Когда счастье улыбалось Кржижановскому, Левидов ходил как именинник и повторял: "А, я говорил..."

Предполагалась небольшая, на полчаса, передача по радио о творчестве Шекспира; Левидов, согласовавшись с представителями от радио, поручил С. Д. написать очерк. Случилось то, что весьма характерно для творческой практики Кржижановского. Он написал очерк не столько по заданию радио, сколько по внутренней потребности высказаться о том, что в Шекспире было интересно и дорого лично ему. Передача не состоялась, но Левидов заставил автора переделать очерк в статью, отдал ее в редакцию журнала "Литературный критик". Так появились в этом журнале "Шаги Фальстафа", "Контуры шекспировской комедии" и другие работы. С. Д. написал двенадцать работ на шекспировские темы и, сам того не замечая, превратился в шекспироведа. Не было ни одной шекспировской конференции, на которой Кржижановский не выступил бы с новым докладом, освещающим новые участки в творчестве великого драматурга.

Контакт с "Литературным критиком" продолжался вплоть до закрытия этого журнала. Из библиотек, по распоряжению свыше, а может быть, и "страха ради", были изъяты из обращения все номера журнала. Когда в пятьдесят седьмом году мне во время работы над архивом понадобилось обратиться в Ленинскую библиотеку с требованием необходимого номера, пришлось получить специальное разрешение.

Работа над комедией "Поп и поручик" проходила легко и весело. Положенная в ее основу ситуация давала возможность включить в сюжет ряд веселых остроумных комедийных конфликтов. Император Павел I, недовольный поведением некоего поручика и некоего попа, дал приказ: быть поручику попом, а попу поручиком.

Левидов посоветовал С. Д. переработать пьесу в музыкальную комедию, показал ее режиссеру московской оперетты Покровскому[131]Покровский Александр Васильевич (1886—1963) — актер и театральный деятель; в 1933—1937 гг.— директор Театра оперетты.. Комедия понравилась. Музыку заказали Сергею Никифоровичу Василенко.

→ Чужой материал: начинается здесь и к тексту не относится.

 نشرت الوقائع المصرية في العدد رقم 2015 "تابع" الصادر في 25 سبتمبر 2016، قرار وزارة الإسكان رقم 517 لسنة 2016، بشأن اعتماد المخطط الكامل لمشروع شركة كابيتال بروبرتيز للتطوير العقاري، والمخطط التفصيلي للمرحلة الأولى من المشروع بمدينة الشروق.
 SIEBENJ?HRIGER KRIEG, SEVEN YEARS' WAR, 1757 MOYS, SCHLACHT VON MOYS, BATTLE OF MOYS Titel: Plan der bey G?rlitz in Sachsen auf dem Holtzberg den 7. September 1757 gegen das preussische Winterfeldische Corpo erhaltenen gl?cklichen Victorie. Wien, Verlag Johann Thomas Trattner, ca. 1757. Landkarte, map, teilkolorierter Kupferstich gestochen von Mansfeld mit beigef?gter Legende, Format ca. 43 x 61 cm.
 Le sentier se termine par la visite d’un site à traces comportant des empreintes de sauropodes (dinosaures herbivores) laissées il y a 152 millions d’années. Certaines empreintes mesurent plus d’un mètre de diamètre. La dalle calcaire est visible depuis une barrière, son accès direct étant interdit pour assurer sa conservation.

Чтение комедии в Союзе писателей имело шумный успех. О пьесе стало известно руководителю Вахтанговского театра Рубену Николаевичу Симонову. Познакомившись с комедией, Симонов заявил, что пьеса написана математически точно, из нее нельзя выбросить ни одного слова и он ее не выпустит из рук: это как раз то, что ему нужно. Состоялось новое чтение в студии Вахтанговского театра. Присутствовал весь коллектив, в том числе художник и музыканты. Хотя успех был заранее подготовлен, но он превзошел все ожидания. Говорили, что стихи и проза на одном уровне и что каждая самая маленькая роль индивидуализирована и есть роль . Но... деловая сторона откладывалась. В Ленинграде Акимов выразил желание ставить комедию. Композитор Анатолий Константинович Буцкий решил, использовав сюжет в драматическом плане, написать оперу. Со свойственной его характеру точностью он даже ездил на могилу Нелидовой.

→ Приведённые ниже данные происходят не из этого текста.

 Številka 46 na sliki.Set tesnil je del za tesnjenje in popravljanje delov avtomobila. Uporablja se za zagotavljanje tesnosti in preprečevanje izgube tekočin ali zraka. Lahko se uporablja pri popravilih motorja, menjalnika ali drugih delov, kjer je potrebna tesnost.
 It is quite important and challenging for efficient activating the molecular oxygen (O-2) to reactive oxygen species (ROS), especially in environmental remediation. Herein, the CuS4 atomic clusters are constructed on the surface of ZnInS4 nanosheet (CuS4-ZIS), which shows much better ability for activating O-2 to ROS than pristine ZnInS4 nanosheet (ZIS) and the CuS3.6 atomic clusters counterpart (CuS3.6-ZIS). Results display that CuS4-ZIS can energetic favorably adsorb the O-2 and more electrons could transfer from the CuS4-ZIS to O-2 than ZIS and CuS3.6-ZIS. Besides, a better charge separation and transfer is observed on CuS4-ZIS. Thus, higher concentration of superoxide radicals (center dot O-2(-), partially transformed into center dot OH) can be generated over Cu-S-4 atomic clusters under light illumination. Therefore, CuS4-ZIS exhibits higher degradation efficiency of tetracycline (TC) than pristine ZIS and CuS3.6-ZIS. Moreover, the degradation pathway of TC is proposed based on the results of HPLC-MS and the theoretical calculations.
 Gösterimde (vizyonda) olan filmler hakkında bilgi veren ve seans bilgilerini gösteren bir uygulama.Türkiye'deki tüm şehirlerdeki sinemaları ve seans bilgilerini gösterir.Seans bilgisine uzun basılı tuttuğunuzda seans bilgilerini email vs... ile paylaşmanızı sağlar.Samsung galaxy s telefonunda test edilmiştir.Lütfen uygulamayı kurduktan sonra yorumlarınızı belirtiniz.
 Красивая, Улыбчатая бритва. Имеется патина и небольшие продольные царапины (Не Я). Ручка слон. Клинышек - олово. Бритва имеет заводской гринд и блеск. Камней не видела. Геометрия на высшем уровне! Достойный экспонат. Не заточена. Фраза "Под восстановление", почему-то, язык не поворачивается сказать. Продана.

Поступили требования на комедию от пяти провинциальных театров, в том числе и от харьковского. А с заключением договора дело затягивалось.

Пока столичные и провинциальные театры оспаривали право первой постановки, Кржижановский получил из Союзкино предложение ознакомиться со сценарием мультипликационного фильма "Новый Гулливер" и изменить его по форме и содержанию.

В течение трех дней Кржижановский придумал два варианта "Гулливера" и изложил их в Союзкино. Режиссеры сидели с раскрытыми ртами, признали, что он распрямил тему во весь ее рост, что это перекрывает их сценарий, но так как старый сценарий уже в производстве, типажи и декорации уже готовы, то придется вернуться к первоначальному сценарию, углубляя и уточняя его новыми образами и словостроем.

"Я еле удержался, - писал мне С. Д., - чтобы не сказать, что за тему о Гулливере не следовало браться лилипутам, но что-то дерзкое сказал. А после этого смирился и принял трудные предложения".

В дальнейшем режиссерам не хотелось признавать авторства Кржижановского, но к старому варианту вернуться тоже нельзя было. А С. Д. смеялся: "Все-таки я их отравил".

Работая над "Гулливером", он попутно предложил свою оригинальную тему "Машина времени", она понравилась, и с одобрения Союзкино он написал сценарий. Но заключать договор в Союзкино не торопились. Автор понял, что пробиться с самостоятельным, оригинальным сценарием на экран кино так же трудно, как попасть из редакций издательства в печать.

Деньги, полученные за "Гулливера", вывели его из материального тупика и дали возможность провести летний отдых на юге. В это лето он жил в Одессе на Большом Фонтане в семье моей матери и сестры.

Большой Фонтан издавна был любимым местом многих писателей. Здесь отдыхали Бунин, Куприн, Олеша, Вишневский, Ольга Форш, Гроссман, Щепкина-Куперник. Здесь проводил лето Всеволод Мейерхольд с женой Зинаидой Райх. На большой, обращенной к морю террасе соседнего с нами дома писателя А. М. Федорова проводились литературные чтения. Тут читал Бунин своего "Господина из Сан-Франциско", читала свои ранние прелестные стихи Вера Инбер. Именно это место Большого Фонтана так поэтически описал Паустовский в своей повести "Годы больших ожиданий".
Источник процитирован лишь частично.